The Case for Democracy
The Power of Freedom to Overcome Tyranny and Terror
by Natan Sharansky and Ron Dermer

In this work Natan Sharansky and Ron Dermer present a series of arguments as to how and why democracy makes the world safer.

Sharansky sets out by dividing the world between "free" and "fear" societies. Then he employs a simple test to discern a free society from a society based on fear: Can one enter a public square and express any opinion without fear of being arrested? If not, one is in a society that runs on fear.

Then, he describes the mechanics of fear societies, focusing on three basic groups: true believers, doublethinkers, and dissidents. Sharansky uses personal anecdotes to demonstrate what these categories mean, and to describe, for readers who have lived only in free societies, the experience of living in a fear society.
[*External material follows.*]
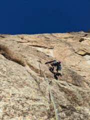 Via su roccia eccellente. Arrampicata molto sostenuta in stile “falesia”, nel senso che, pur essendo molto logica e bella, segue muri compatti su tacche con passi alcune volte molto bloccosi. La spittatura pur essendo ravvicinata non permette di azzerare. Qualsiasi mungitura non porta a nessuna presa buona, ma nel mezzo del “blocco” per arrivare allo spit successivo. Bisogna tenersi e scalare bene, insomma.
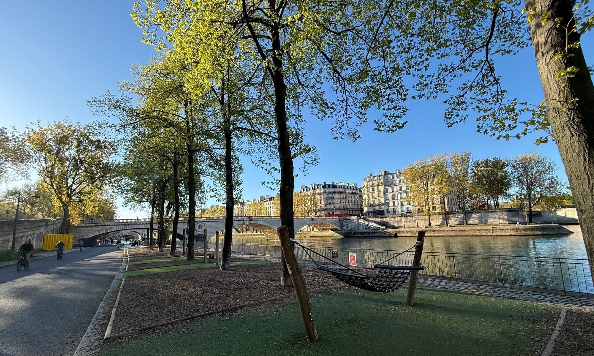 Parisians have always embraced their river — you could almost gauge the temperature by simply counting the number of rosé bottles opened for impromptu picnics — but as the water quality improved, so did access to the river itself. Before the bike highways and swimming holes of the Hidalgo administration there was Paris Plages, the summertime "beaches" that took over streets along the river starting two decades ago. Within that context, Hidalgo's pandemic-era decision to close these freeways and tunnels to cars were not necessarily dramatic one-off actions, but building upon a very popular summer pilot program. And now they're permanent. In addition to the cycling infrastructure, the quais are dotted with playgrounds, widened sidewalks, benches, and newly planted trees.

He admits that he was, like most of the Soviet population, a doublethinker, constantly performing a balancing act between his true feelings and his public feelings. As a child, he privately celebrated Stalin's death, and then joined the public expressions of mourning and praise.

Only those adept at reading these mechanics, Sharansky warns, can tell the true believers from the doublethinkers. Most outsiders mistakenly accept the popularity of despotic states because these regimes spend great effort trying to conceal the difference between their true believers and doublethinkers. The failure to see the difference between the two, however, is not just a question of political acumen, it is a question of moral clarity.

Sharansky then analyzes the inherent instability of fear societies. Their leaders lack popular support, and, over time, they lose true believers. So the regime must work harder to hold onto power. To prop itself up, the regime needs an external enemy, who serves a dual, if not contradictory, purpose. Because the fear society stifles creative thought, it lacks scientific and technological progress, and so must mimic those of its rival. It also uses the rival as the scapegoat for its own political malaise. By contrast, governments of free societies are accountable to the will of the people and the laws of their country. A democratic leader who pursues a reckless agenda cannot do so indefinitely.

Sharansky explains how freedom can guide free societies in their dealings with fear societies. He does so by raising three questions: Is freedom from tyranny universally desired? Is pursuing that goal universally desirable? And can it be done, even if imposing it on a nation is required?

Discussing the United States's role in the world, he responds to criticisms of so-called realists from both the left and right who believe that America's foreign policy should be guided only by interests--and not by ideals. He rejects the notion that certain cultures are incompatible with democracy. Exporting freedom to these societies, he argues, is moral since it helps oppressed people obtain basic liberties. But it is also pragmatic, because democratic societies tend to resolve their differences peacefully.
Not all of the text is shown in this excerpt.